For many years following the passage of the Kefauver-Harris Drug Control
Act, there was neither incentive nor regulatory imperative to include
paediatric data in new drug submissions unless the drug was specifically
indicated for children.
This issue persisted for decades, despite calls by professional
societies and pharmacologists for change (23-26), and despite clear and
compelling evidence that there was “off label” use was becoming an
unacceptable norm for paediatric practice (23, 40, 41). Coupled with the
barriers identified with respect to the conduct of clinical trials in
children, there has been a persistent and incorrect belief that
“children rarely require prescription medication”. This, however, is
simply not the case. Children are frequently prescribed medications, and
for a wide range of indications (27-39). Having studied a cohort of
nearly a million children in Canada for a year, researchers found that,
on average, children received 4 prescriptions per year (27, 28).

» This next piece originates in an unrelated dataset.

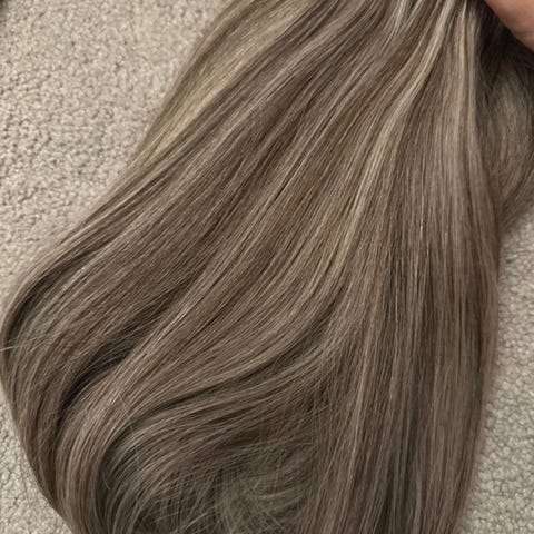 Säljer tejp hårförlängning äkta människor hår, 130g 45cm lång. 48 slingor. Pris 4500kr, Köpte på frisörsalong October Stockholm , mall of Scandinavia. Betalade 10000kr. Har använt förlängning i en månad.
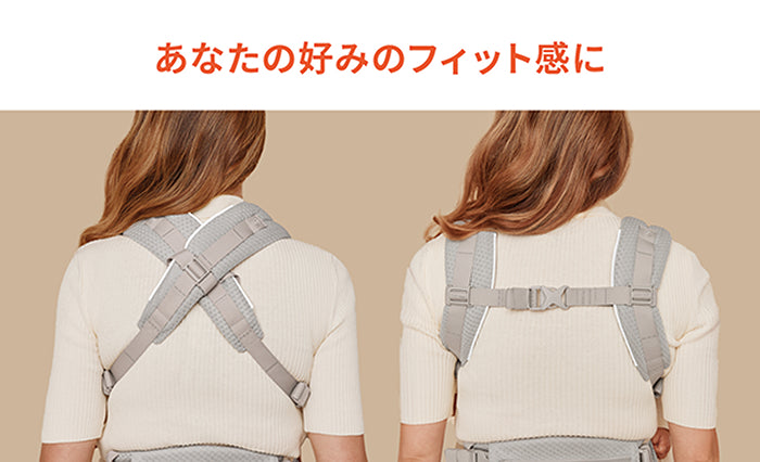 また肩ストラップとウエストベルトに荷重をバランスよく分散。小柄な方やお子さまが低月齢のときは、クロス装着もおすすめ。

American studies have demonstrated similar numbers; in one study, 27%
of all children studied had received a prescription in the past 30 days
(33, 36). For inpatient care, a multinational study of drug utilization
demonstrated that 96% of children admitted to hospital in the UK
received at least one prescription medication (34).

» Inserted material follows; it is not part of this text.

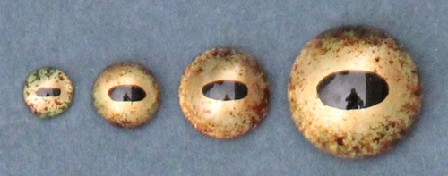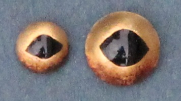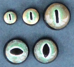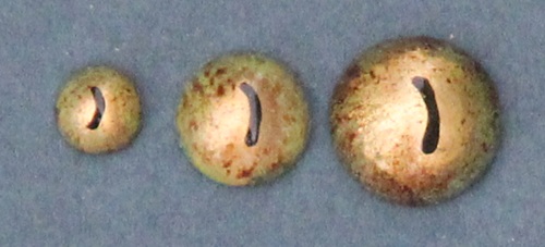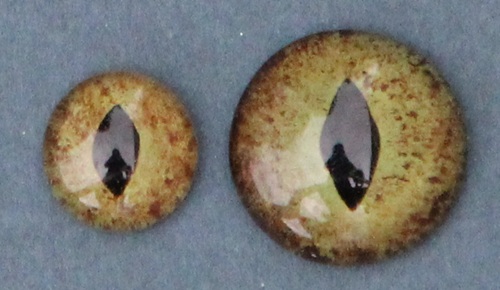 From the estate of the Anton-Greiner-Vetter-Glasaugen-Manufaktur Lauscha/Germany. Crocodile eyes CC eyes with slit pupil, can be used for many other reptile species.

In addition to a large number of medications being prescribed, there are
large range of medication classes used (27-36). While antimicrobials
were found to be the most commonly prescribed drugs for children, up to
1200 other drugs from a wide range of classes were used (27-36).
Although the use of drugs for children is to some extent variable from
country to country, probably reflecting national differences in child
care practices and drug availability, one trend that has emerged as well
was that over time fewer antimicrobials were used and more psychoactive
drugs are being prescribed (34, 36). To add complexity, over the past
decade, the number of biological agents prescribed to children has
increased almost logarithmically (37-39).
An additional consideration is that the use of pharmacotherapy for
children is not uniformly distributed across the population. For many
children, pharmacotherapy is indeed infrequent and largely confined to
antimicrobials and respiratory medications. However for children with
serious and/or chronic disease, therapy is not only frequent but also
frequently involved polypharmacy (27, 28). As an example, it has been
demonstrated that for children with epilepsy they were treated with up
to seven different drugs over the first year after diagnosis (28).